None But Jesus
This post is specially for those who don't feel happy being in church anymore. I see you, & I feel you. You're not alone in this. There are people saying healing & joy has come, but you're not feeling it; you're not believing it. I'm with you. I hope this post will encourage you & bless you.
It took us a while to decide if we're going to church camp or not. It wasn't a small decision for us - my wife & I had nights where we would just be crying on our bed as we talked about it. The past year had been a wild journey for us. The only reason we survived through it was because we hung on to the knowledge that in all of the storm, God is with us. And indeed He was.
You see, I used to be associated as the pastors' son. I hated every generalization that came with it, but at the same time I was proud to be the pastors' son. When my mom preached about Sons vs Servants, I immediately (wrongly) took on the identity as a son in the house - I became the son of the church. And when my father resigned from the church, I thought I had nothing left but to be a rebel.

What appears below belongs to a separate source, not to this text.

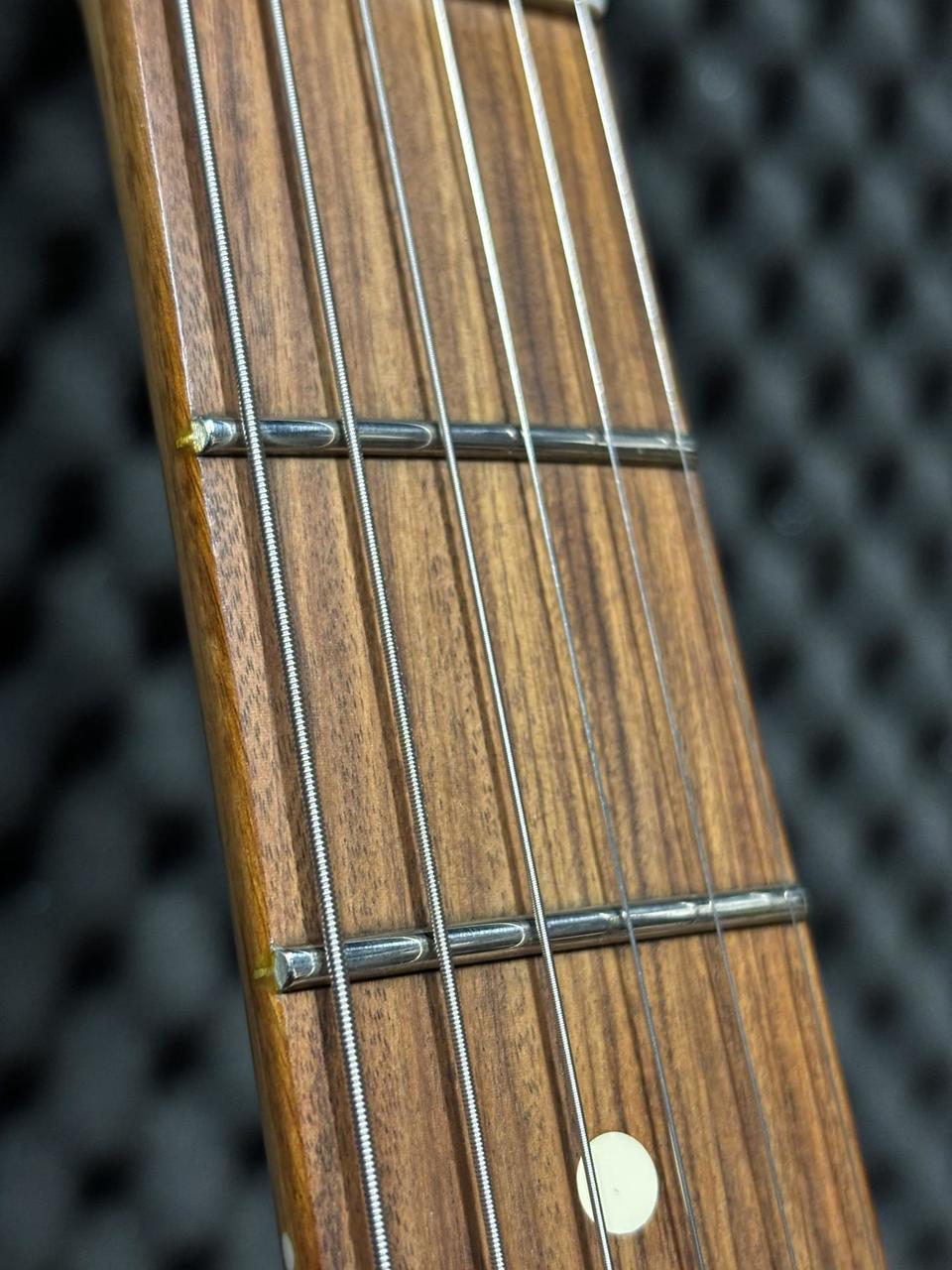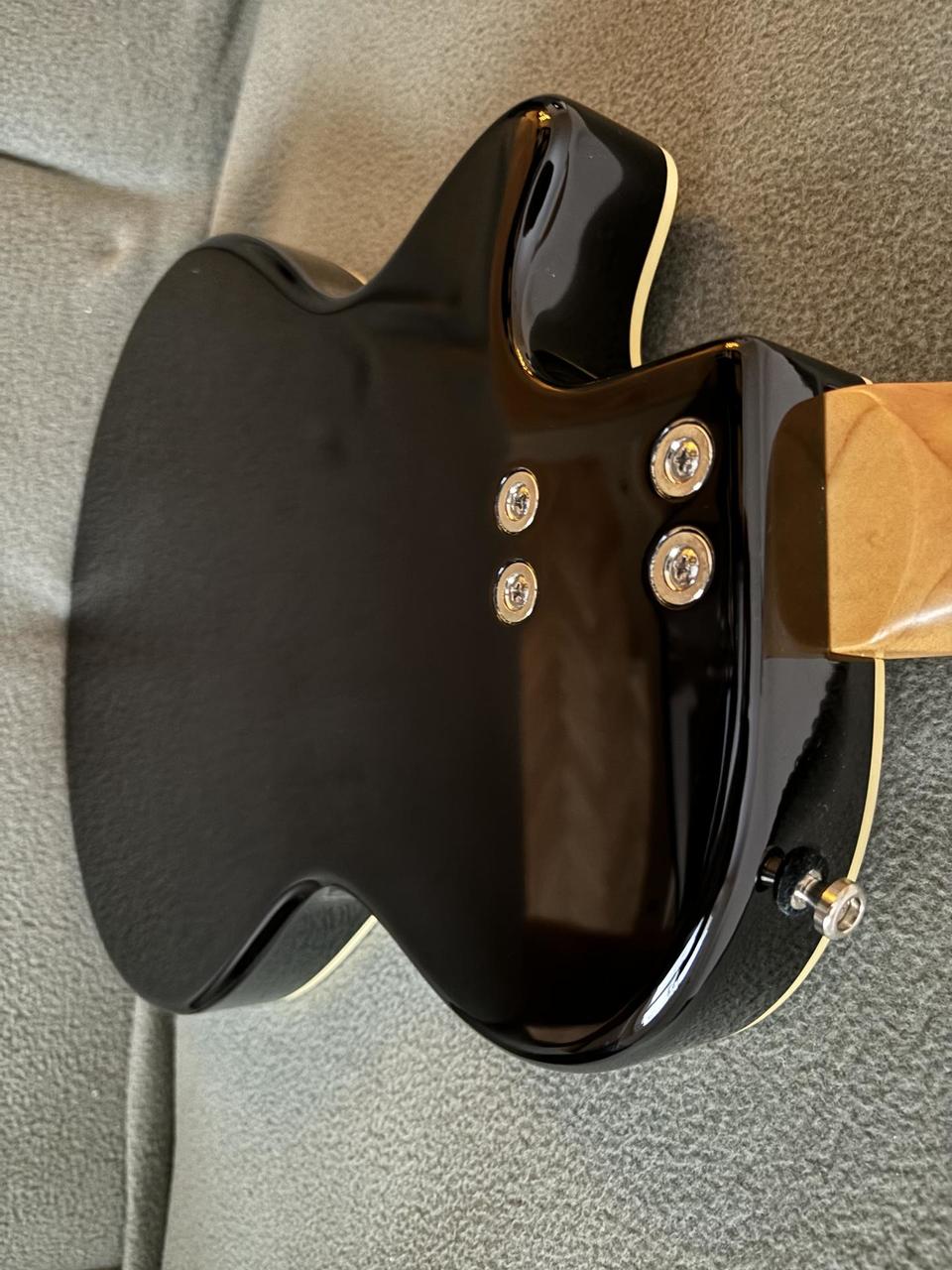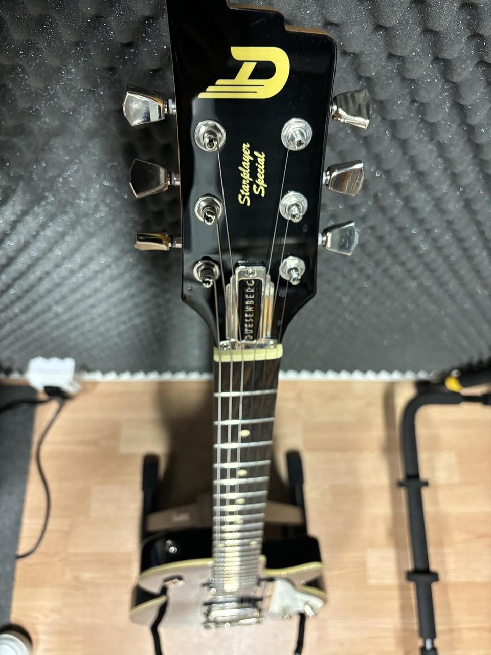 Predám Duesenberg Starplayer Special Black. Top stav, takmer nehraný nástroj - slúžil ako backup gear. Telo - masív jelša, s povrchovým polyuretánovým lakom, javorový krk (profil D), palisandrový hmatník, 22 jumbo pražcov, snímače - krk: Duesenberg Grand Vintage Humbucker, kobylka: Duesenberg Crunch Bucker, ovládanie: 3-polohový prepínač blade, Volume, Tone (Multi-Tone), točením Multi-Tone možno dosiahnuť zvuk nielen humbuckerov, ale aj krásny single coil zvuk, so zachovaním frekvencií. Menzúra: 648 mm / 25,5”, farba: Vintage Black, Hardware - Ladiace mechaniky: Duesenberg Z-Tuners „Tulip”, Kobylka: Duesenberg Stoptail Tune-o-matic, háčik na pas: Duesenberg standard, Struny: nové Elixir Optiweb Hybrid (009-046). Je to výnimočný nástroj s vynikajúcou stabilitou ladenia, prvotriednou kvalitou vybraných materiálov, perfektnými zvukovými vlastnosťami a variabilitou. Súčasťou je pevný originálny kufor Duesenberg.

But God has pulled me out of that now. He's taken me on a journey, teaching me about our adoption as children of God. I'm not a son of the church. I am a child of God. You see (again), if we base our identity in anything other than our position in God, we will crumble. If our source of life, joy, strength & hope is anything other than Jesus Himself, we will run dry.
If you let me, I could think of so many reasons to walk out of the church & just plant myself somewhere else. No church is perfect, but at least it'll be a new start - I'll be appreciated, I might get paid for my service, and it'll be years before anyone realizes what an idiot I am!! So why are we still in FCC, serving in the youth ministry & music team? Well, there's only 1 reason really - God hasn't said anything yet. And until He does, I must be faithful with the gifts & the responsibilities entrusted to me. As long as I'm still here, I will love the local church & the people in it. It's not because there's a new pastor or a new church board, or that the youth ministry is growing - it's simply listening & obeying to voice of the One whom I belong to.
I guess what I'm trying to say is this - FIX YOUR EYES ON JESUS. Do not depend on anyone or anything else. Desire to know His love for you & respond accordingly, & everything else will be an overflow out of that relationship.